I think the article is fairly well balanced, giving the fired devs ample space
to tell their side of the story, expanding on the dangerous implications of
allowing reddit/social media influence the company’s hiring and firing
decisions and a short formal statement from the co-founder.

There seems to have been a mixture of bad HR guidelines and naïveté.

I’m frankly appalled that a politely explained, disagreeing opinion, was met
with such a toxic response.

As I read the responses I understood the dev to be:

Calling a customer sexist and an “asshat” then explaining that she is free to
demonstrate dislike for her customers while speaking about the company and its
products and services because she is not doing it during work hours and is
using a personal social media account.

I can only imagine what kind of anonymous adolescent vitriol she must have to
endure but as a representative of the company she must remain above it.

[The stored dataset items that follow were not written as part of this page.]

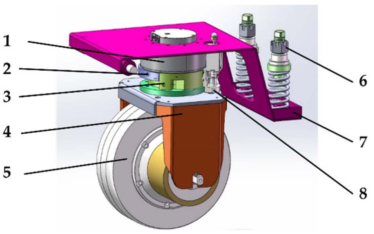 In greenhouse environments, mobile robots were subjected to impact loads when traversing dynamic terrains such as rail entry and exit, which induced postural disturbances and compromised tire-ground adhesion. To alleviate these effects, the drive-wheel connection plate was redesigned with integrated elastic elements, including springs and dampers, forming an energy-storing and shock-buffering linkage structure that absorbed impacts and attenuated vibrations during terrain transitions. Furthermore, to accommodate the lateral maneuverability required for inter-row operations, the chassis wheelset was equipped with a steering motor and a dedicated linkage mechanism, resulting in a wheel-rotation module that enabled efficient reorientation and lateral displacement on inter-row tracks, thereby reducing dependence on whole-vehicle steering during rail-switching maneuvers. Collectively, these enhancements markedly improved the robot’s stability and traversability under critical conditions, including cross-track transitions and inter-row lateral maneuvers. The design of the enhanced profile-tracking steering-suspension module is illustrated in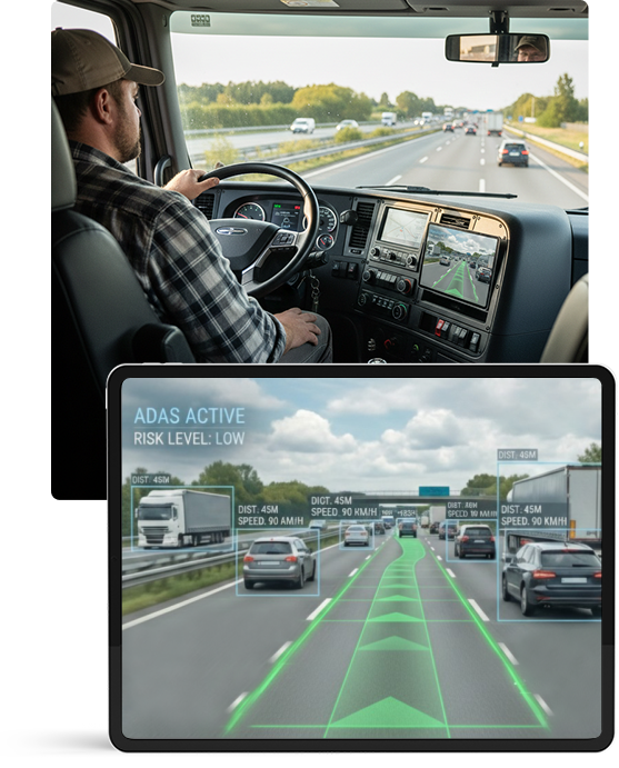 Vision systems powered by AI and Advanced Driver Assistance Systems (ADAS) that use in-cab and external cameras, sensors, and real-time analytics to detect risk and support safer driving.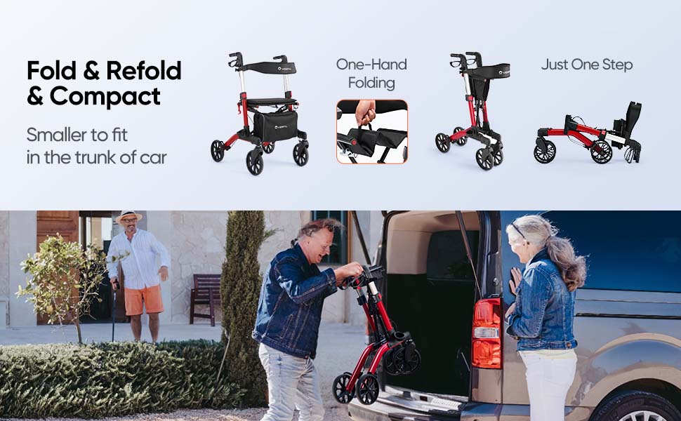 • Features 2: Double-folding, Ultra-compact Rollator Walker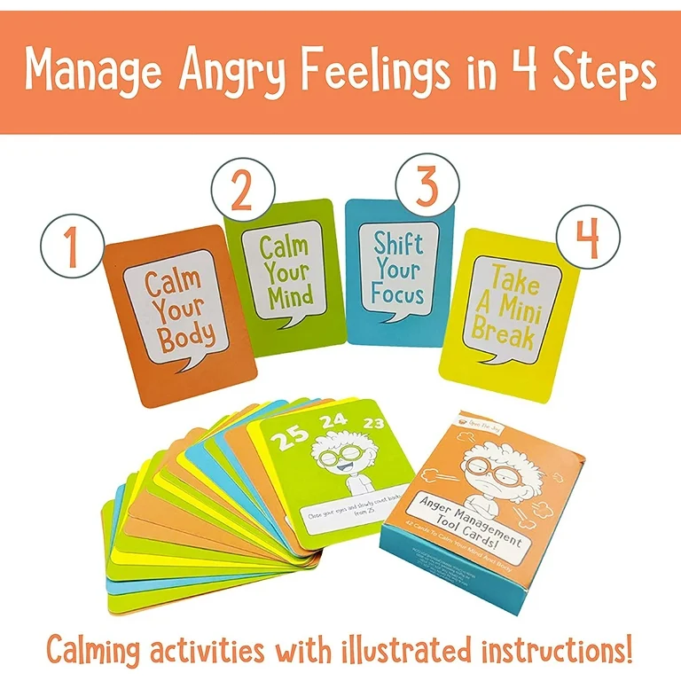 Open the Joy with the Anger Management Cards . Learn how to manage angry feelings allowing children to enhance social skills and develop emotional intelligence. With endlessillustrated activities to calm the body and mind : Take a mini break, Shift your Focus, Calm Your Mind & Calm Your Body .

Should they have been fired?

Not if it’s the 1st occurrence but seriously reprimanded and explained the
social media code of conduct carefully.

On the other hand the company has a duty of care for its employees.

Can it not facilitate automatic reporting of abusive messages back to
Twitter/Reddit? Hold workshops on how to deal with online harassment?

It seems like it’s a huge issue in the game industry.

------
Rjevski
Totally deserved IMO.

The employee in question posted some tweets about “narrative design” and some
streamer (seemingly politely) replied that he disagreed before reiterating the
same points the employee made.

The employee then goes on a mildly offensive rant about how that person was
“mansplaining” and how hard it is to be a female game dev.

How about you simply accept that some people on the internet are stupid, will
make stupid remarks and may think they’re better than you at your job, and it
doesn’t have anything to do with your gender?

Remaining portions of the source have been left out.